» **REQUIRED WORK**
Look below for the line with "Introducing our vibrant", then repeat it and all lines after it, exactly, minus any pictures.

» **DATA SEGMENT**
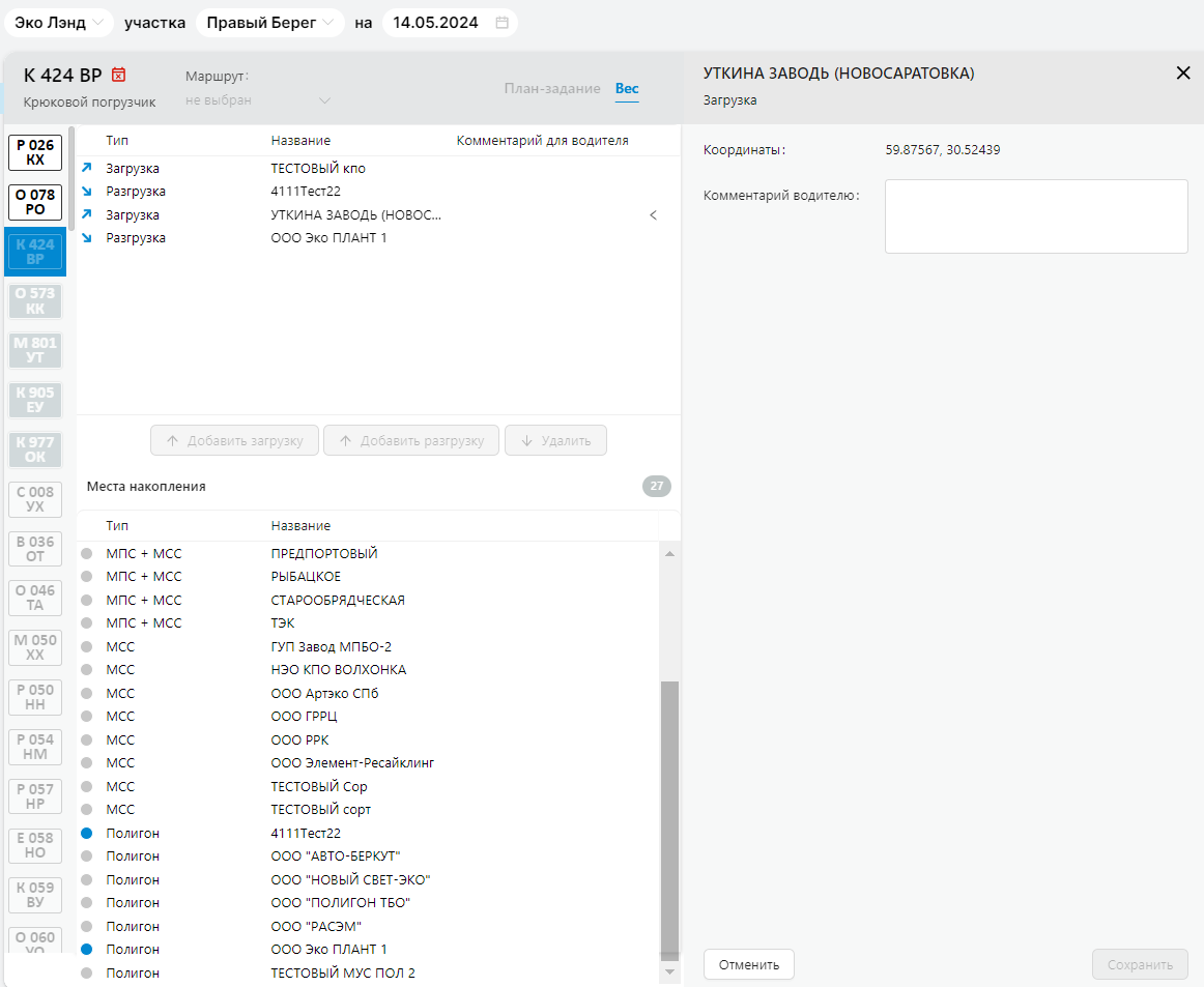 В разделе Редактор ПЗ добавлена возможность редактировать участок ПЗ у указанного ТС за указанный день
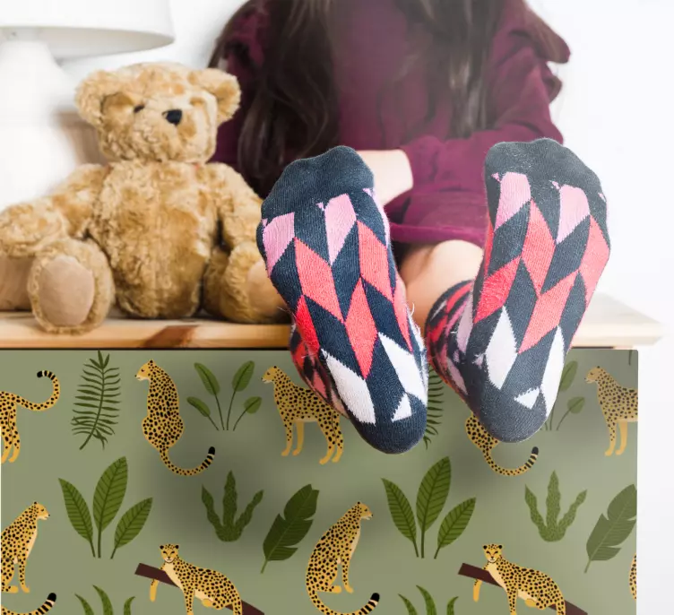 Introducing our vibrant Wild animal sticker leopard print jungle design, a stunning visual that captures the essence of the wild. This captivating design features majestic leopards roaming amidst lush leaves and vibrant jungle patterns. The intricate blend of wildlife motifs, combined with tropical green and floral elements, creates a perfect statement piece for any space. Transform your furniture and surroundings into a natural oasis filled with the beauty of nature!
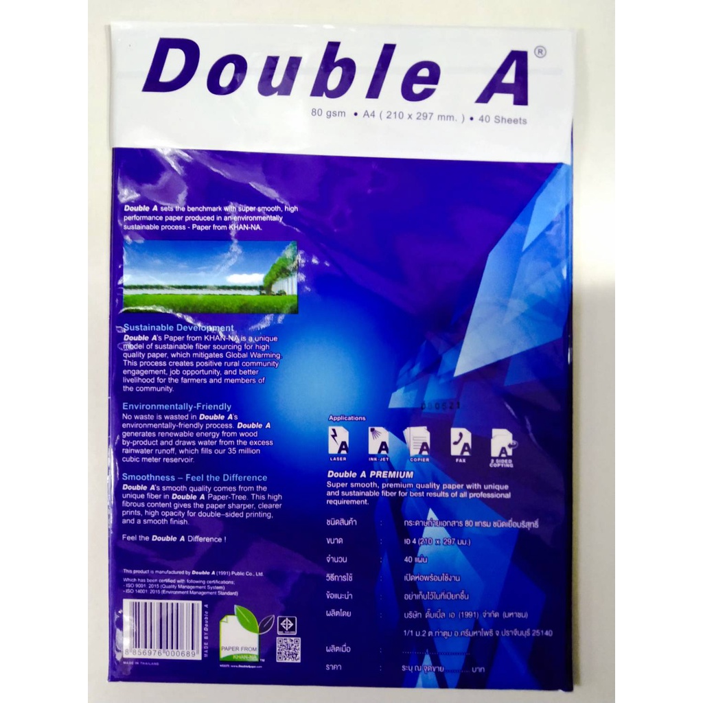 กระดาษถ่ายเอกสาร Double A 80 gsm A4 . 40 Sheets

» **TASK RESULT**
 Introducing our vibrant Wild animal sticker leopard print jungle design, a stunning visual that captures the essence of the wild. This captivating design features majestic leopards roaming amidst lush leaves and vibrant jungle patterns. The intricate blend of wildlife motifs, combined with tropical green and floral elements, creates a perfect statement piece for any space. Transform your furniture and surroundings into a natural oasis filled with the beauty of nature!
 กระดาษถ่ายเอกสาร Double A 80 gsm A4 . 40 Sheets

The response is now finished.